Joan Biskupic’s excellent new book, Breaking In, brings us deep insights into the most important constitutional law decisions of our era. But one bit that seems to have escaped the media was coverage over Justice Sotomayor’s concurring opinion in all-important-jurisdiction case Daimler AG v. Bauman. Forget affirmative action or the Fourth Amendment. We’re talking about RBG and Sotomayor dueling on personal jurisdiction!

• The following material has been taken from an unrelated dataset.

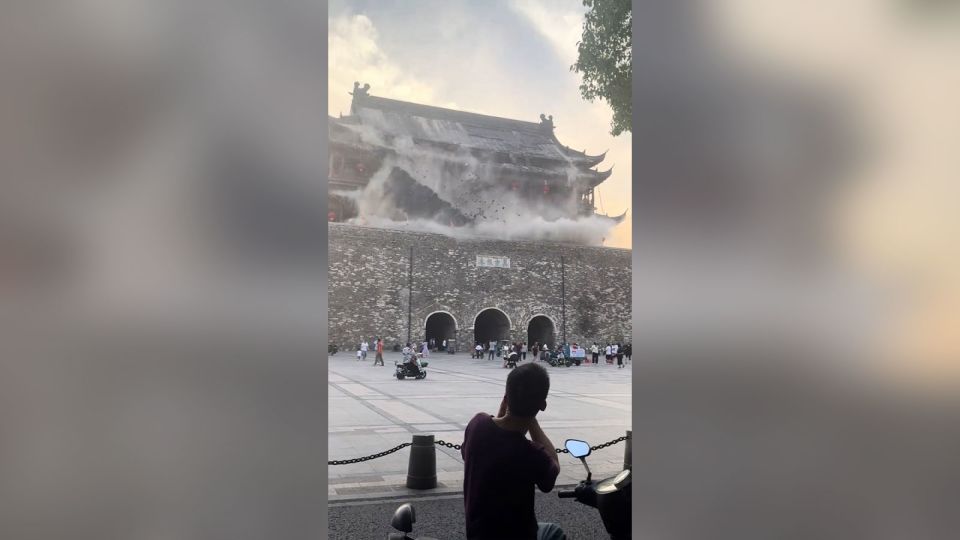 تم إرسال زوار موقع سياحي عمره قرون في شرق الصين يتدافعون بعد أن خرجت مئات من بلاط السطح وتتابع أكثر من طابقين على الأرض.
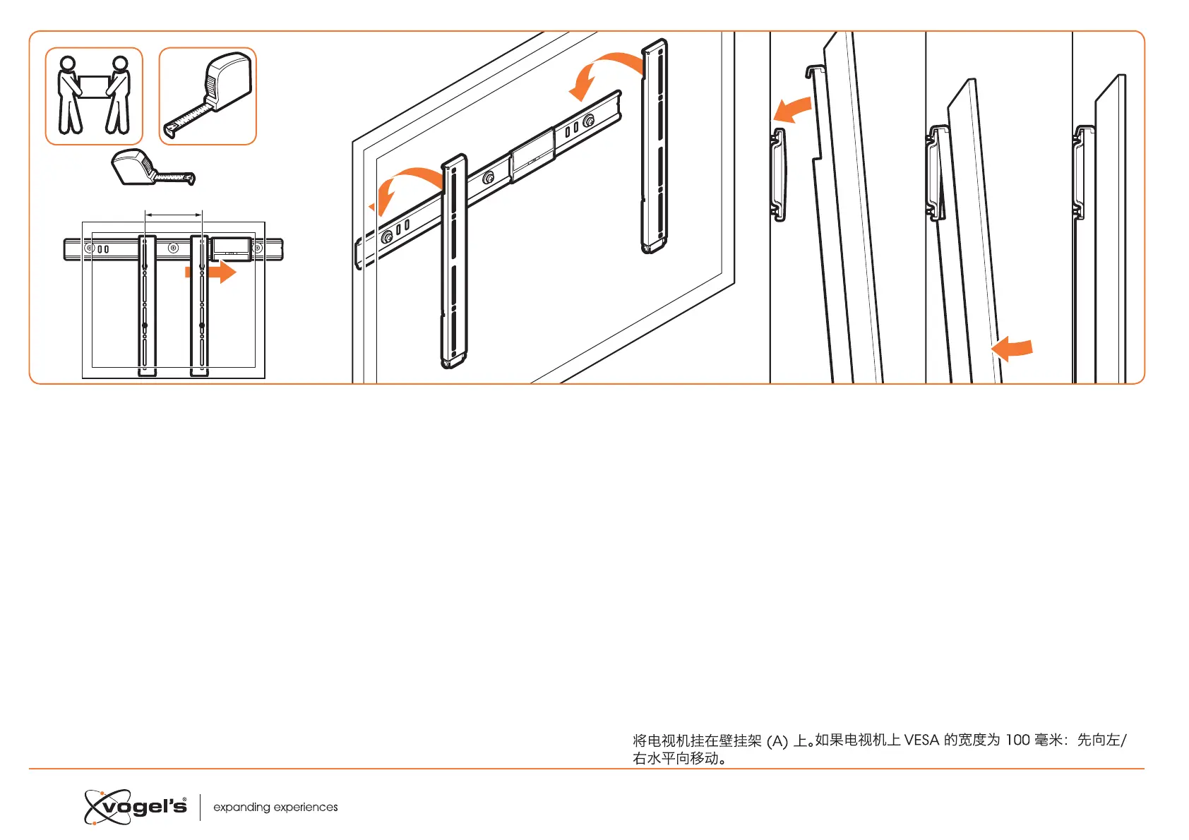 If the VESA width of the TV is 100 mm: first move the level to the left/right.

Biskupic explains some of the background of the decision:
For weeks, Sotomayor had seen drafts of Ginsburg’s opinion as it circulated among the justices. She knew she was about to be a public target. But she would have the courage of her convictions— perhaps stubbornly, misguidedly— yet with confidence enough to be the one in an 8– 1 vote. A week before the Daimler opinion was handed down, in January 2014, Sotomayor told an audience of more than a thousand that to bolster her courage, she often thought about the worst thing that could happen when she undertook a challenging endeavor. She would conclude: “You know something … so what?”
In a footnote that takes up almost entire page in Daimler v. Bauman, Jusice Ginsburg singles out Justice Sotomayor for “selectively referring to the trial court record” in Perkins v. Benguet Consol. Mining Co. (1952). Justice Sotomayor had the opportunity to pull back her dissent, in the face of withering criticism from 8 Justices, but she said, “so what.”
“So what.” That was more-or-less my reaction to reading Sotomayor’s dissent.